▸ **Task objective**: Transcribe the data underneath exactly. No images belong in your version.

▸ **Exercise data**:
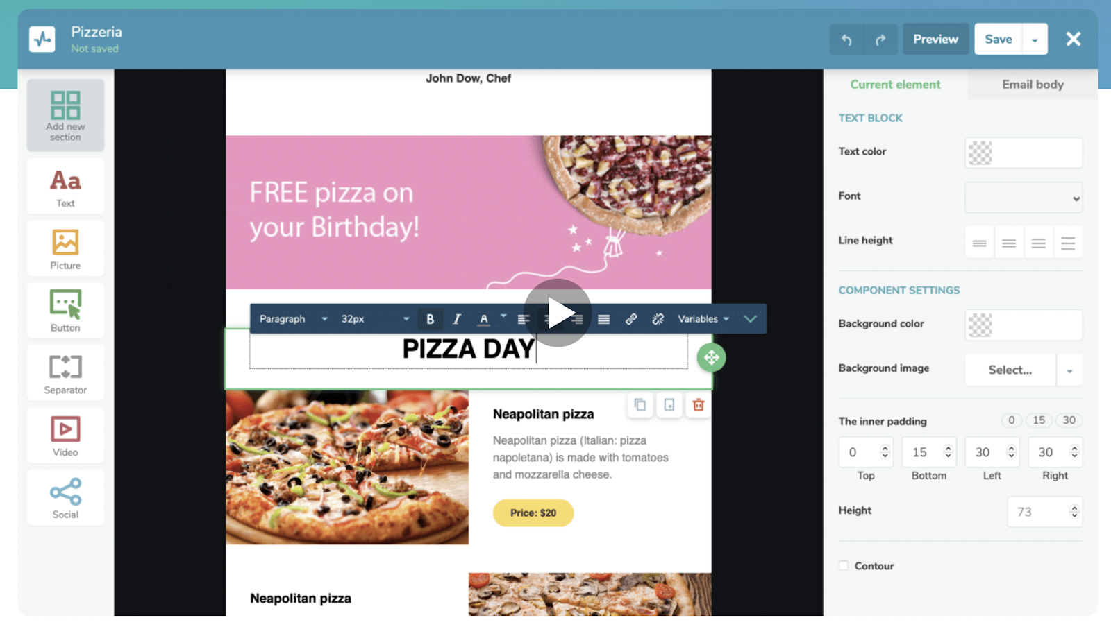 • The ability to create stunning graphics within the Flodesk platform, helping you follow email design best practices without the need for third-party design tools like Canva
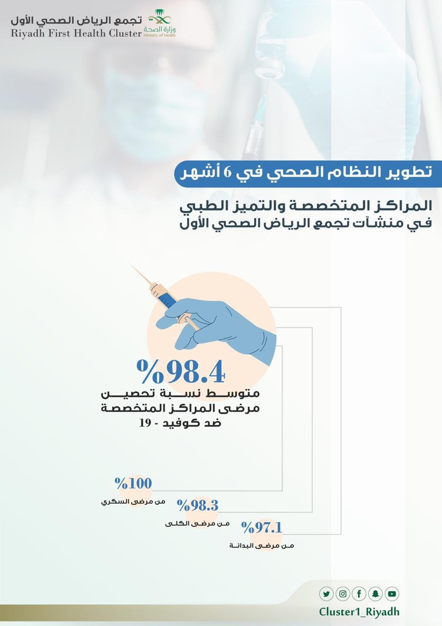 بالإضافة إلى أنه بلغ متوسط نسبة تحصين مرضى المراكز المتخصصة في منشآت "التجمع الأول" ضد كوفيد-19 إلى 98.4%، حيث بلغت نسبة المحصنين من مرضى السكري إلى 100%، ومرضى الكلى بنسبة 98.3%، وتم تحصين 97.1% من مرضى البدانة.
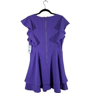 Dillard’s brand. Back zip closure. Flutter sleeves. Knee length. Tiered skirt. Plenty of stretch.
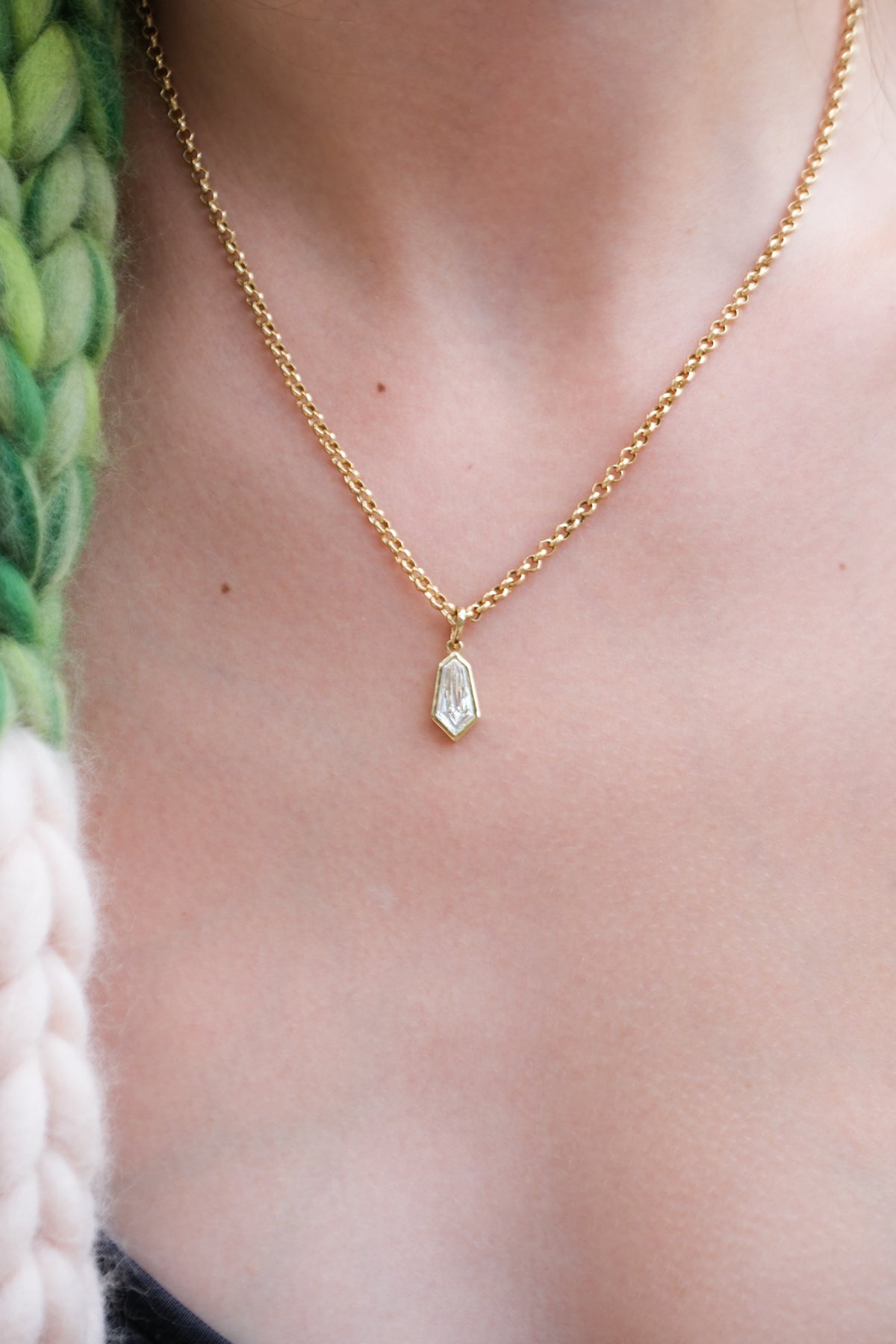 1.09 ct G, VS2 kite/shield pendant in 18k yellow gold

▸ **Reply to the exercise**:
 • The ability to create stunning graphics within the Flodesk platform, helping you follow email design best practices without the need for third-party design tools like Canva
 بالإضافة إلى أنه بلغ متوسط نسبة تحصين مرضى المراكز المتخصصة في منشآت "التجمع الأول" ضد كوفيد-19 إلى 98.4%، حيث بلغت نسبة المحصنين من مرضى السكري إلى 100%، ومرضى الكلى بنسبة 98.3%، وتم تحصين 97.1% من مرضى البدانة.
 Dillard’s brand. Back zip closure. Flutter sleeves. Knee length. Tiered skirt. Plenty of stretch.
 1.09 ct G, VS2 kite/shield pendant in 18k yellow gold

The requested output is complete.